The flag of Brazil was designed by Jean-Baptiste Debret as the Royal Standard of the Prince Royal of the United Kingdom of Portugal, Brazil and the Algarves, Pedro I.

After the Brazilian Declaration of Independence, and with the coronation of Pedro I as Emperor of Brazil, the Royal Standard was modified to become the flag of the Empire of Brazil. The new flag featured the imperial coat of arms within a yellow rhombus, on a green field. The green and yellow colors represented the dynastic houses of Pedro I and his consort Maria Leopoldina of Austria.

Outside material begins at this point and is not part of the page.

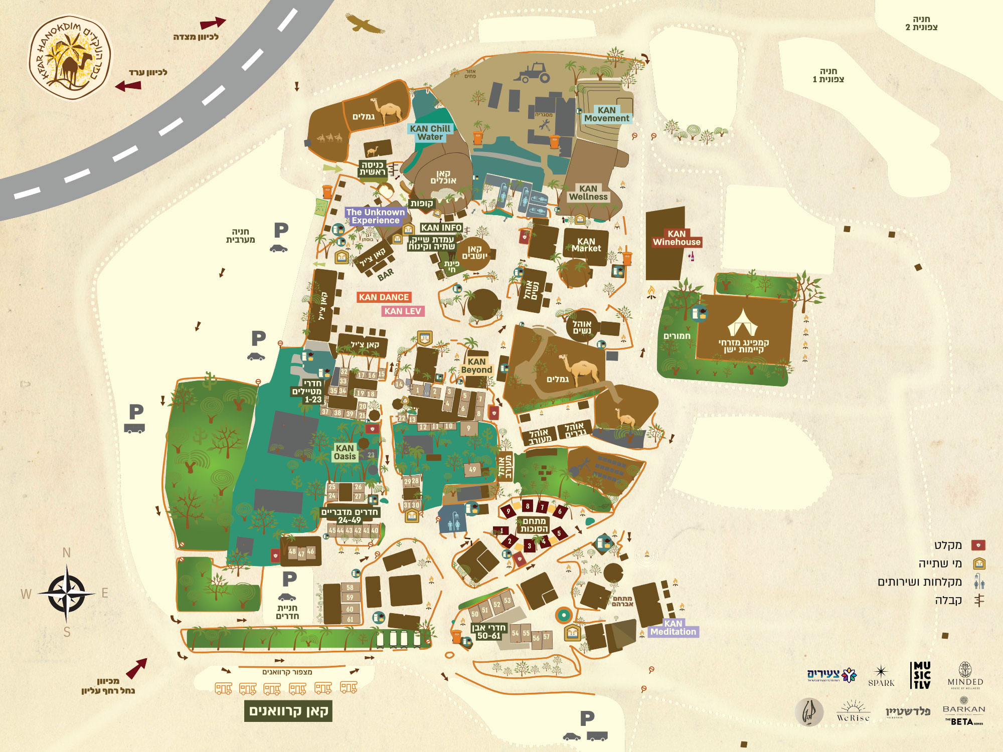 8 מתחמים פתוחים, שכל אחד מהם מעביר מסע אחר – תנועה וריפוי, יצירה, טקסים, עומק וחיבור

The imperial flag was slightly modified during the reign of Pedro II, when an extra star was added to the imperial arms to conform to the new territorial organization of the country.

===Republic of Brazil (1889–present)===

Provisional flag of the Republic of the United States of Brazil (15–19 November 1889)
Flag from 1889–1960
 of use
(21 stars)
Flag from 1960–1968
 of use
(22 stars)
Flag from 1968–1992
 of use
(23 stars)

Upon the proclamation of the Republic, one of the civilian leaders of the movement, the jurist Ruy Barbosa, proposed a design for the nation's new flag strongly inspired by the flag of the United States. It was flown from 15 to 19 November 1889, when marshal Deodoro da Fonseca (acting as provisional president of Brazil) vetoed the design, citing concerns that it looked too similar to the flag of another country.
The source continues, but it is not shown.